I can’t tell you the amount of times this Bible verse has been shared in my life with little to no effect. For the first time in my life, as a 27-year-old, it finally meant something to me. Even though I was raised in the church, I finally knew why God sent his Son to die on the cross for our sins. He is close to the broken hearted because he has been there, he can relate. He let his son go through all that pain and suffering for me and millions of other people going through similar heartbreak, so that we can go directly to God and have a one-on-one relationship.  For the first time, my faith had a purpose. I never doubted if God was real, but I could finally say without a doubt that he genuinely cares, and all we have to do is accept.  There was an instant peace once I had this realization. I no longer felt broken and empty—I felt whole for the first time.  I had inspiration and purpose again, and an overwhelming desire to help people with what I have: a story of pain and loss but, more importantly, growth and discovery.

Losing someone after working hard and making sacrifices for them really gave me a life changing perspective. I had spent so much time pursuing my dreams at the cost of relationships that, at the end of the day, I was left with neither

It was time for a change, time to trust people completely, time to be vulnerable about struggles, time to get in touch with my emotions and learn how to communicate them clearly, time to connect with people I normally wouldn’t, and time to authentically love others like family.

Going into a relationship with the willingness to be honest about the crap in your life, and the trust that they will accept you anyway is the best and quickest way to true community. When I lost my most intimate relationship, over a dozen deep authentic friendships began, and these friendships are on a level previously thought unattainable. I was never willing to risk potential embarrassment and share what I thought no one would ever accept. Over time that list of ‘unacceptable’ continued to grow, and continued to further me from having trusting and vulnerable relationships with people I was close to. 

The thing that amazes me most about relationships is that it only takes one person to change them for better or worse. My openness has spawned relationships where honesty and vulnerability is not only accepted but encouraged, accepted, and met with love rather than judgment.  

I have been seriously blessed with real friendships over the past 6 months, from rekindling relationships with people I've known for years to connecting with someone for the first time.

There’s an honor and a thankfulness associated with someone trusting you, and that’s not something I take lightly. Vulnerability breeds trust, trust inspires grace, and grace leads to lifelong relationships. 

Unfortunately, it took losing my marriage to learn all of these lessons. It took being vulnerable with friends to realize I had a hard time being vulnerable with my wife. It took finding my passion to realize I stopped living passionately during my marriage. It took losing everything to realized how much I sacrificed for a selfish dream.


Was I the best husband? Not at all. I had a hard time empathizing with her feelings while ignoring my own.
Do I wish I could change things? Absolutely, I should have sought out counseling much earlier in life.
Given the chance would I do things differently? In a heartbeat. But that is not the way my story unfolded.

After fighting with the person I love for five months with no change, I finally agreed to mediation. Regardless of my commitment to marriage, and my determination to fix things, it takes two people to make relationships work.  

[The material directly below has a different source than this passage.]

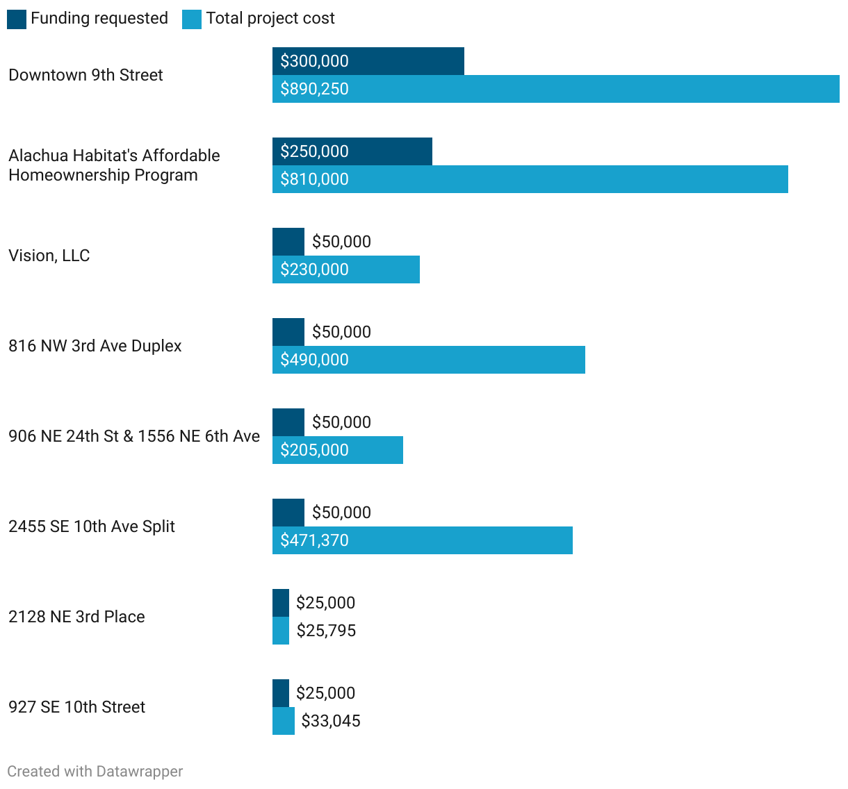 Affordable housing projects often require multiple funding sources. This chart compares the city funding requested with the total project cost, showing how these developments bridge financial gaps to move forward.

At the end of the day, the only thing that can’t be taken away is your story. By reading this, I hope you leave a little more inspired to make every day a day you would be proud to tell your grandkids about.

Go on more adventures, take more risks, love unconditionally and without reserve, find something you’re passionate about, work hard, be brutally honest with yourself, and always, ALWAYS remember that relationships are more important than things, they are worth fighting for and protecting, because you never know when one person may make a choice that changes everything, for better or for worse.